« Oh. J'irai certainement dès que j'aurai le temps. Est-ce que sœur Song va mieux ? » demanda Li Yang avec inquiétude, se souvenant que la maladie de Song Tian'er semblait persister.
« Rien de grave, elle n'arrête pas de te poser des questions. Pourquoi ne viens-tu pas toi-même lui parler franchement ? » continua de persuader Maître Song.
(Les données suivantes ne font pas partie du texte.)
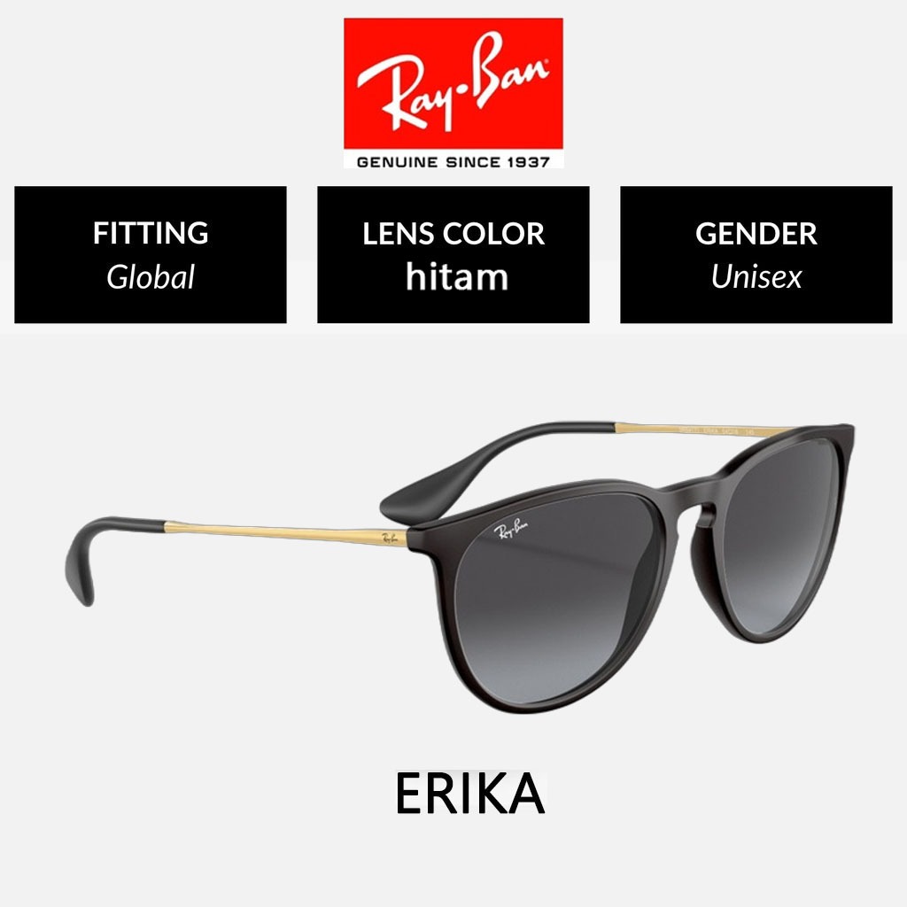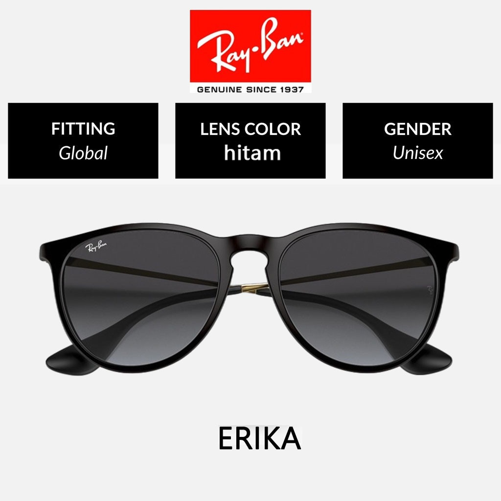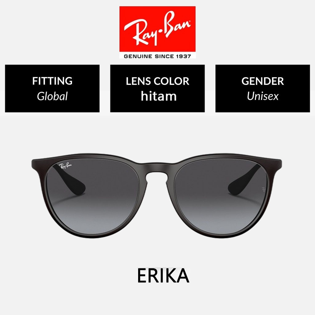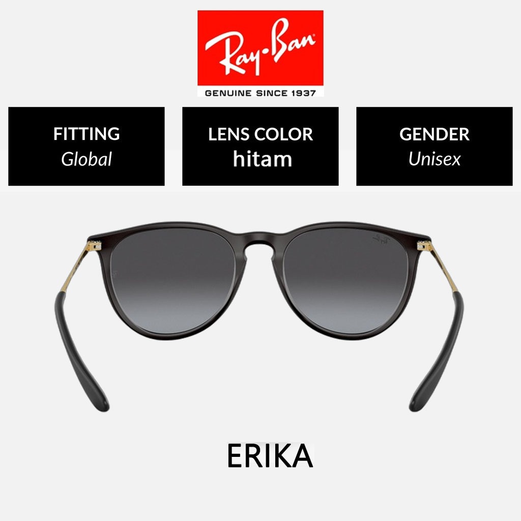 100 PERSEN Original Kacamata Hitam Ray-Ban Erika RB4171 Black Green Uni Sunglasses
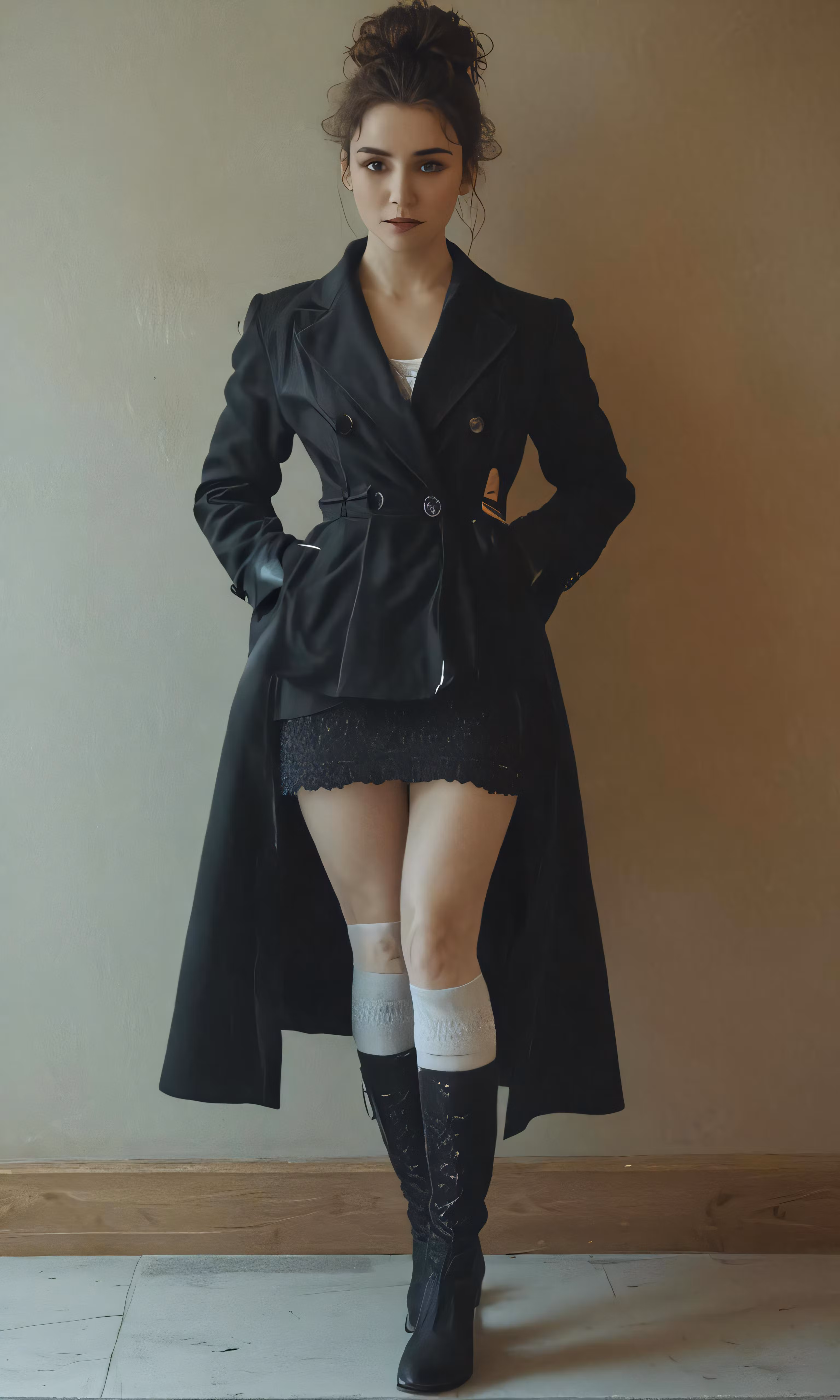 High resolution picture, free to use, a girl in a long black coat and white socks
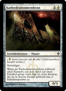 | Rules | ( can be paid with either or 2 life.) Defender When Cathedral Membrane dies during combat, it deals 6 damage to each creature it blocked this combat. |
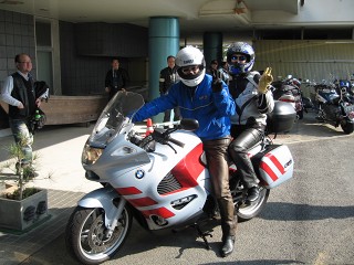 38.慶野松原荘前 越後屋さんご夫妻は岐阜に向かわれるとの事で、一足先に出発。奥様はロイヤルよりもBMWの方が楽だそうだ。さすがツーリングマシン。 |
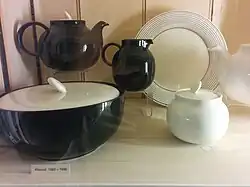 In the mid-1950s, the Rawson brothers started to recognise the potential of Philip's son, John Clappison, a student at Hull College of Art who produced the stylish, contemporary Elegance range of wares which are much in demand with collectors today.[2] In 1954, the business moved to the site of the defunct Hornsea Brick and Tile Works. At this time the Pottery also employed other noted designers such as Dorothy Marion Campbell and Alan Luckham as modeller. In 1967, the factory started to produce full ranges of tableware, the first being the John Clappison-designed Heirloom, followed by his Saffron and Bronte patterns. In the 1970s, the Queensbury-Hunt partnership became involved in Hornsea tableware design, and their Contrast and Concept ranges proved popular.[3] Though innovative, these products were not always practical in use. By 1974, the Edenfield Works employed 250 people and turned out three million pieces a year.[4]

À quoi bon parler ? Si j'y vais maintenant, elle va forcément me reprocher de l'avoir épiée sous son lit. Le mieux est de ne pas y aller.
« Quand j'aurai le temps. Merci de votre sollicitude, Monsieur Song. Au revoir ! » Li Yang raccrocha aussitôt. *Vieux renard, tu as beau essayer de me séduire, c'est peine perdue. Je ne tomberai pas dans ton piège.* Mais sérieusement, la vue sous la jupe de Sœur Song est vraiment à couper le souffle.
« Frère Li Yang, à qui parles-tu au téléphone ? Pourquoi ris-tu si bizarrement ? » Une petite voix de fillette, très familière, retentit soudain sur le côté. Li Yang sursauta et rangea rapidement son téléphone. Se retournant, il fut stupéfait de voir Zhao Ran. En regardant autour de lui, il réalisa : « Zut ! Comment ai-je pu me retrouver dans ma ville natale ? »
La jeune femme était assise devant un ordinateur dans le supermarché, se regardant avec un mélange de surprise et d'étonnement.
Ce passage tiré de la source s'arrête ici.